To do: Below are records with pictures. Reproduce exactly the lines from the line with "3D constructed µCT" to the line with "路易威登/LV Marignan 手袋,沿襲經典信使包設計,選用經典", inclusive, and leave each picture out.

Data for this exercise:
|---|
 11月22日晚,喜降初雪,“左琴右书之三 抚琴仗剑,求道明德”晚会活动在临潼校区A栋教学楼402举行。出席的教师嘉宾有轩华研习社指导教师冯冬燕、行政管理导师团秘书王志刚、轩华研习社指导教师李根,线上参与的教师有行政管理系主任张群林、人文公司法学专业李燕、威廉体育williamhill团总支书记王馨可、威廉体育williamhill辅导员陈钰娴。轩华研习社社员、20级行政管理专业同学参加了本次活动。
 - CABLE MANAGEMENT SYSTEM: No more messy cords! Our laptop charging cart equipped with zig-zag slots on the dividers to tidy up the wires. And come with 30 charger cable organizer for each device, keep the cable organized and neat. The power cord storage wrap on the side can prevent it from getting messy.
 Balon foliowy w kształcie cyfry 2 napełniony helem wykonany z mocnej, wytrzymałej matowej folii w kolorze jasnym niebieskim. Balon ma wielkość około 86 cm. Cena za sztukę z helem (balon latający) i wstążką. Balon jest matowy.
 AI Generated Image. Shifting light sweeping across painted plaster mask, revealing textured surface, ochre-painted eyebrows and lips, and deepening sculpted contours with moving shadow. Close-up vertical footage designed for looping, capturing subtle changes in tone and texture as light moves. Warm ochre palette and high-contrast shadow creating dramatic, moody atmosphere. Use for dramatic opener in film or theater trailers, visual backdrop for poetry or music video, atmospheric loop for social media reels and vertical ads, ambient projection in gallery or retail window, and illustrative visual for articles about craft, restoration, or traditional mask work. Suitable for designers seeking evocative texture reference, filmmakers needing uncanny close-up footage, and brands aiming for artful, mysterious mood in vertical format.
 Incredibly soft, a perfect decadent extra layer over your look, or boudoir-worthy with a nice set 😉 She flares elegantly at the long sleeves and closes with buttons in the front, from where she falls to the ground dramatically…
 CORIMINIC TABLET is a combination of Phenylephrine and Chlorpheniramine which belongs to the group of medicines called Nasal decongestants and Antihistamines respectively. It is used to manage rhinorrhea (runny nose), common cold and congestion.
|---|
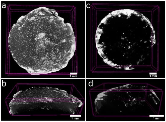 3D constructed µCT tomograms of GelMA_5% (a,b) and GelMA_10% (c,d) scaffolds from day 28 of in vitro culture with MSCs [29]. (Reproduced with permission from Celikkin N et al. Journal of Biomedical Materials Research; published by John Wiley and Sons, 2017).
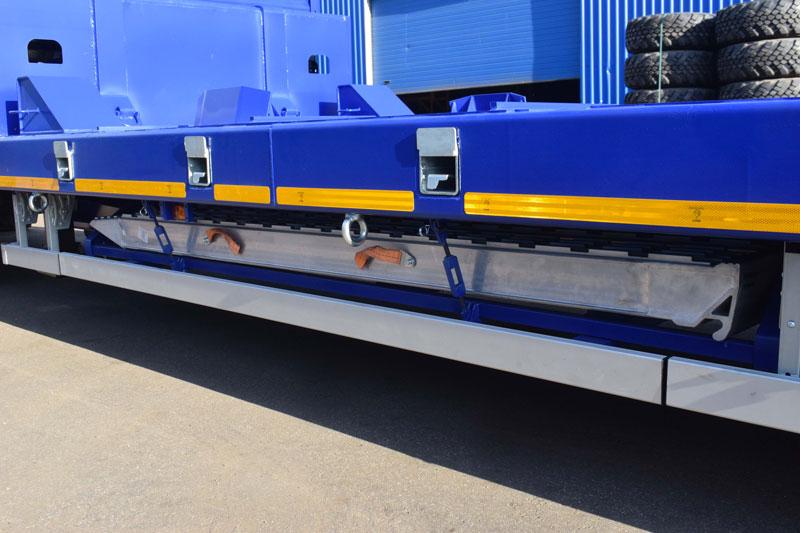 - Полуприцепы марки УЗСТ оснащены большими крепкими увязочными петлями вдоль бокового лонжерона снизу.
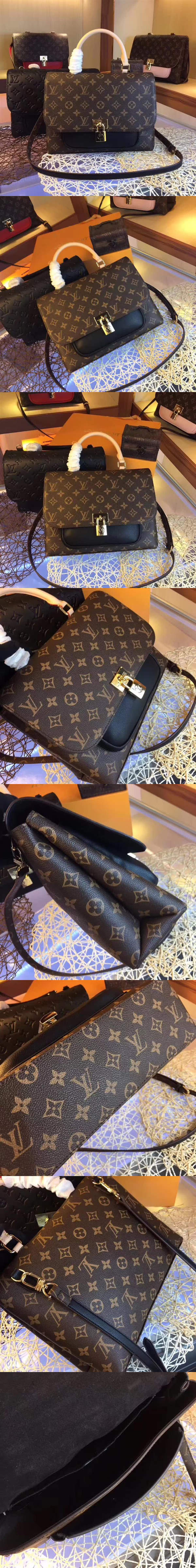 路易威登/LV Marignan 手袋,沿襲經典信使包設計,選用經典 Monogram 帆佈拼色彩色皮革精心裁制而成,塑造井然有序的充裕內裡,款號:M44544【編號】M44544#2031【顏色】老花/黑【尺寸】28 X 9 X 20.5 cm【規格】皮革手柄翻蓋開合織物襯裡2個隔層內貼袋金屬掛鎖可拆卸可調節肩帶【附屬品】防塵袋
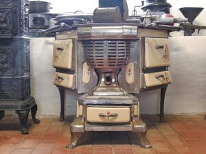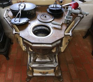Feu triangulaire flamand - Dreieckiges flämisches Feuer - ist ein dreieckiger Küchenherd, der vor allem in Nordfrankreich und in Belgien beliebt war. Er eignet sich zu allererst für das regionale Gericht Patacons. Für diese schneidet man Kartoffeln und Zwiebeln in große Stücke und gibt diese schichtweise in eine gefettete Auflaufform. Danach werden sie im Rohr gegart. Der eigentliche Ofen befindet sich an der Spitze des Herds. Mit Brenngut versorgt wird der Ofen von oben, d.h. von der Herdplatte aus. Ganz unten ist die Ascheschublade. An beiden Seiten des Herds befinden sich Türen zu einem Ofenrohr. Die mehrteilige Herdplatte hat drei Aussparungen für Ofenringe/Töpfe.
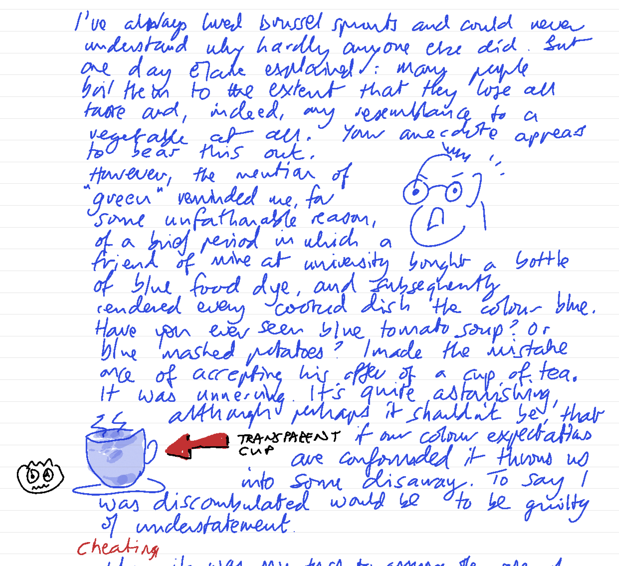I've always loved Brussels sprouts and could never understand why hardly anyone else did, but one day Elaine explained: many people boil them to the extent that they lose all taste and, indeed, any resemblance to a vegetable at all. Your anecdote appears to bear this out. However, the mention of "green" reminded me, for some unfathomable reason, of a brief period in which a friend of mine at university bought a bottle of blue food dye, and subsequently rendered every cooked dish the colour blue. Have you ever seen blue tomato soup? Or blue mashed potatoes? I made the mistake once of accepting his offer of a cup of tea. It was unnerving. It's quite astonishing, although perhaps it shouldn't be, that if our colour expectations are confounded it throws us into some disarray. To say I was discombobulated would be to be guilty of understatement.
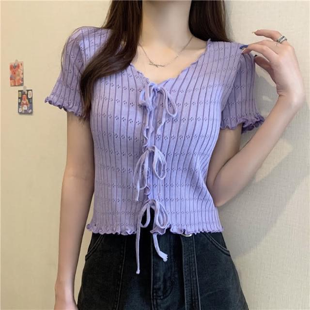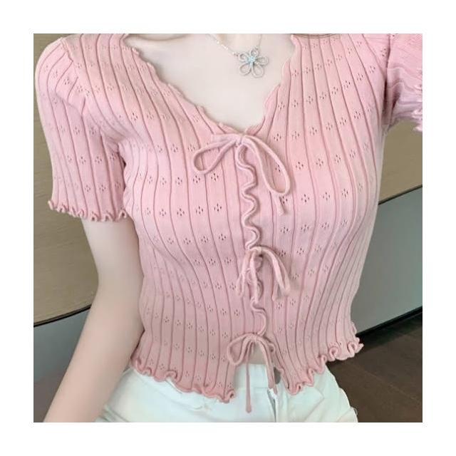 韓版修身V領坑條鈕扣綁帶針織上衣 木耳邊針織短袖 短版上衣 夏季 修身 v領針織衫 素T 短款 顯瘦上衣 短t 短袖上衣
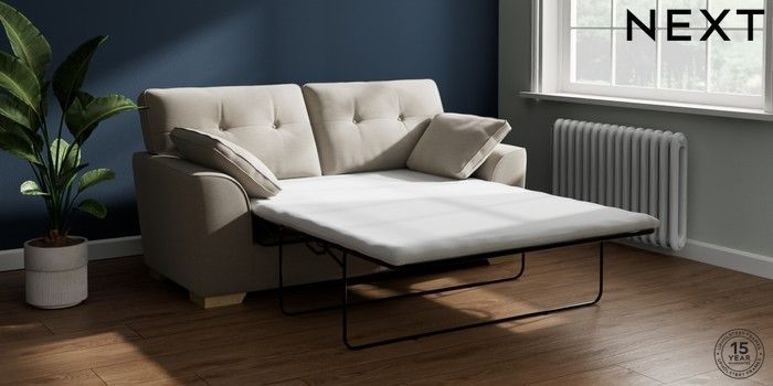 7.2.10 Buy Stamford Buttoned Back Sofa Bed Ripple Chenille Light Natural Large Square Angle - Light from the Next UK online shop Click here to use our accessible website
|---|
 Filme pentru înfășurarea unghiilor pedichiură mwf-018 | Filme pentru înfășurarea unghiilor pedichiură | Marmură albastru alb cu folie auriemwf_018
|---|
Answer below:
 3D constructed µCT tomograms of GelMA_5% (a,b) and GelMA_10% (c,d) scaffolds from day 28 of in vitro culture with MSCs [29]. (Reproduced with permission from Celikkin N et al. Journal of Biomedical Materials Research; published by John Wiley and Sons, 2017).
 - Полуприцепы марки УЗСТ оснащены большими крепкими увязочными петлями вдоль бокового лонжерона снизу.
 路易威登/LV Marignan 手袋,沿襲經典信使包設計,選用經典 Monogram 帆佈拼色彩色皮革精心裁制而成,塑造井然有序的充裕內裡,款號:M44544【編號】M44544#2031【顏色】老花/黑【尺寸】28 X 9 X 20.5 cm【規格】皮革手柄翻蓋開合織物襯裡2個隔層內貼袋金屬掛鎖可拆卸可調節肩帶【附屬品】防塵袋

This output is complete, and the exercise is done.